Word has been quickly traveling around town about the new Malaysian restaurant located on 170th street, just a short drive away from WEM. Tucked in between a Sleep Country and a liquor store, the family-run establishment is both small and quaint. I've been wanting to try this place for a while now, and considering that I work only minutes away from the area on Saturdays, a visit seemed to be overdue.
Island's claim to fame is serving genuine Malaysian cuisine (their words, not mine), and to my knowledge, the only place in town serving mille crepe cakes. Since Tropika has been one of my favourite restaurants since I was a kid, I was curious to see how Island's homemade approach to Malaysian food would compare.

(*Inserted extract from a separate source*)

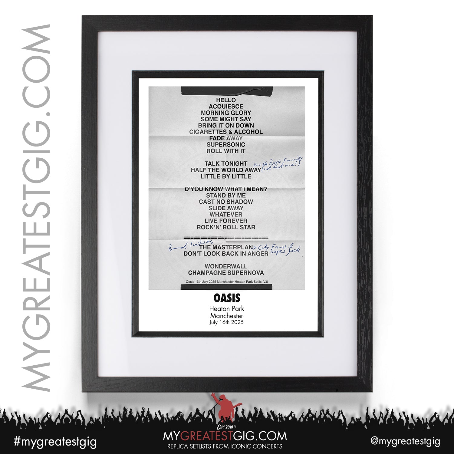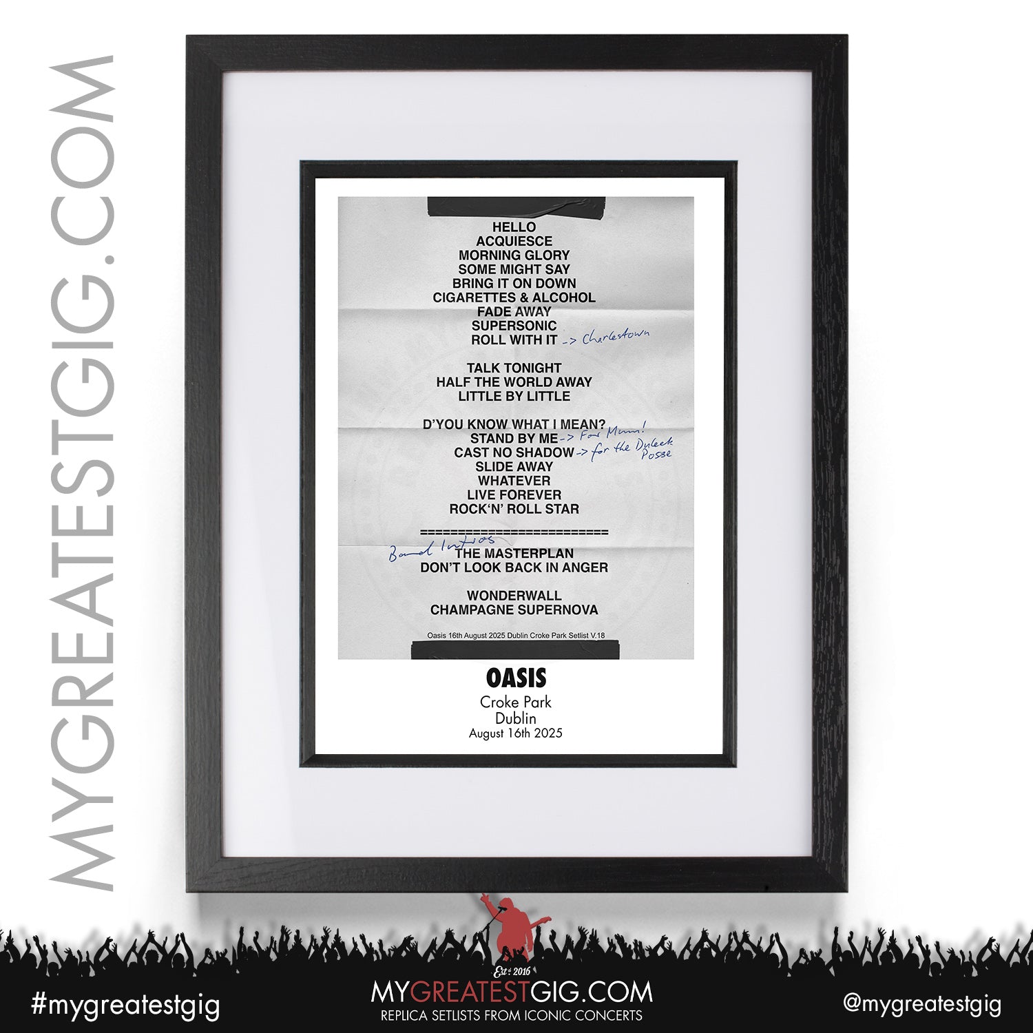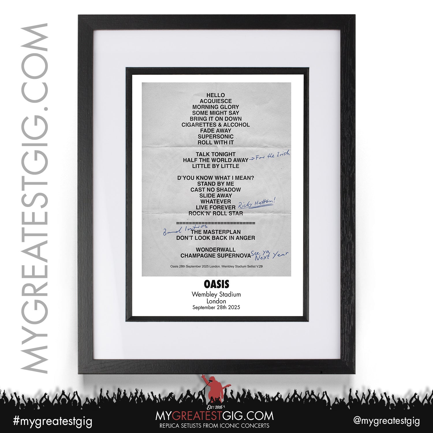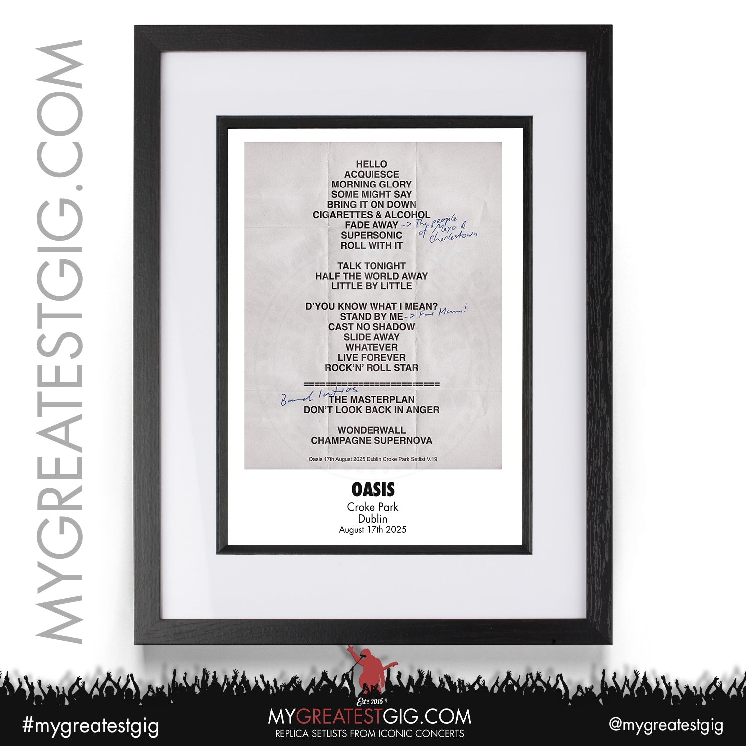 The wait is over. Oasis are back in 2025—and we’re celebrating their first live shows since 2009 with accurate replica setlists from this once-in-a-generation tour. Whether you were belting out Live Forever at Wembley Stadium, reliving Manchester pride at Heaton Park, or witnessing history at Croke Park, this is your chance to own a piece of Britpop legend.

When we pulled up around 5:30 on a Saturday, most of the smaller 4-top tables on the side were taken. They also have two larger tables that would accomodate larger families and groups nicely.
Once seated, we were given menus to peruse. The menu is an interesting mix of both Malaysian dishes and "Western delights." I'm not a big fan of when restaurants do this, because I'd rather they focus on one thing and do it right. And from a customer perspective, why on Earth would you dine at an ethnic restaurant and choose to order chicken tenders? That's what I call a missed opportunity. I'm sure they have their reasons though -- to accommodate the picky eaters in a group? Appeal to the kids? Who knows.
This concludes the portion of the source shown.